3. What behaviors can be observed before a person becomes violent? (EXCEPT)
- A. Wandering
- B. Tense shoulders and clenched fists
- C. Blank stare
- D. Positioned with one foot in back and an arm pulled back
Correct answer: A
Rationale: Before a person becomes violent, observable behaviors may include tense shoulders, clenched fists, a blank stare, and being positioned with one foot in back and an arm pulled back. Wandering is not typically associated with threatening behaviors signaling imminent violence. DelBel (2003) suggests that strategies such as relaxed body language, maintaining physical distance, and silence can help de-escalate an agitated individual's response.
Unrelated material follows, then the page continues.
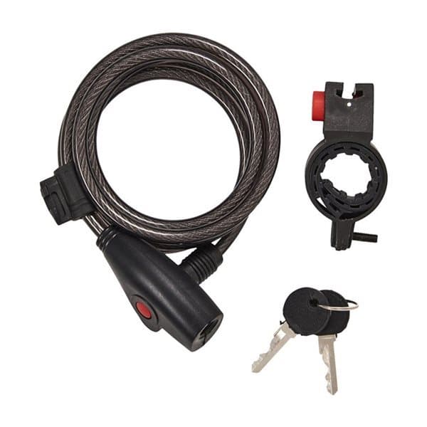 Rawlink Vajerlås till cykel - Plastöverdraget spirallås i kraftig kvalitet - Med 2 nycklar - Mått: Ø8×1500 mm - Inklusive hållare för montering på cykelram

4. A client is admitted to a medical-surgical unit after six hours in the emergency room. He requests that his AM care be delayed to allow him to rest. The nurse complies with his request. This is an example of which type of management philosophy?
- A. Continuous quality improvement
- B. Total quality management
- C. Six Sigma
- D. Quality management
Correct answer: B
Rationale: Total Quality Management (TQM) emphasizes meeting customer needs and satisfaction. In this scenario, by honoring the client's request to delay care to allow for rest, the nurse is aligning with the customer-focused approach of TQM. TQM seeks to continuously improve processes and services to enhance customer experiences and outcomes. Continuous Quality Improvement focuses on incremental improvements in processes and outcomes over time. Six Sigma is a data-driven approach to process improvement that aims to reduce defects and errors. Quality Management is a broader concept that encompasses various strategies to ensure quality standards are met.
5. An unresponsive patient with type 2 diabetes is brought to the emergency department and diagnosed with hyperosmolar hyperglycemic syndrome (HHS). The nurse will anticipate the need to
- A. give a bolus of 50% dextrose.
- B. insert a large-bore IV catheter.
- C. initiate oxygen via nasal cannula.
- D. administer glargine (Lantus) insulin.
Correct answer: B
Rationale: In a patient with hyperosmolar hyperglycemic syndrome (HHS), severe dehydration and electrolyte imbalances are common. To address these issues, the priority intervention is to insert a large-bore IV catheter for fluid resuscitation and electrolyte replacement. Giving a bolus of 50% dextrose would worsen the hyperglycemia. Initiating oxygen via nasal cannula may be beneficial for respiratory support but is not the priority in this scenario. Administering glargine (Lantus) insulin is not the initial treatment for HHS as it does not address the underlying severe dehydration and electrolyte imbalances.